▸ Exercise objective: Go through the listing below and output exactly the line with "Tan W10609 Composite-Toe", the line with "TE Part # 1623404-1 CRG1206 1% 10K", and each line between; omit the rest.

▸ Records provided:
***

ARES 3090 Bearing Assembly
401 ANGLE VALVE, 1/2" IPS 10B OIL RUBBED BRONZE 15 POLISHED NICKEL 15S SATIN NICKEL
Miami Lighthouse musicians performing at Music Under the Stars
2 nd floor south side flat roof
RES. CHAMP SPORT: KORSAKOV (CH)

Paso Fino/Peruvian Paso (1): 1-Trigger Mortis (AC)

***

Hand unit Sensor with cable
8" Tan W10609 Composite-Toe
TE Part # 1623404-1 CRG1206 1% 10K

***

▸ Solution to this problem:
8" Tan W10609 Composite-Toe
TE Part # 1623404-1 CRG1206 1% 10K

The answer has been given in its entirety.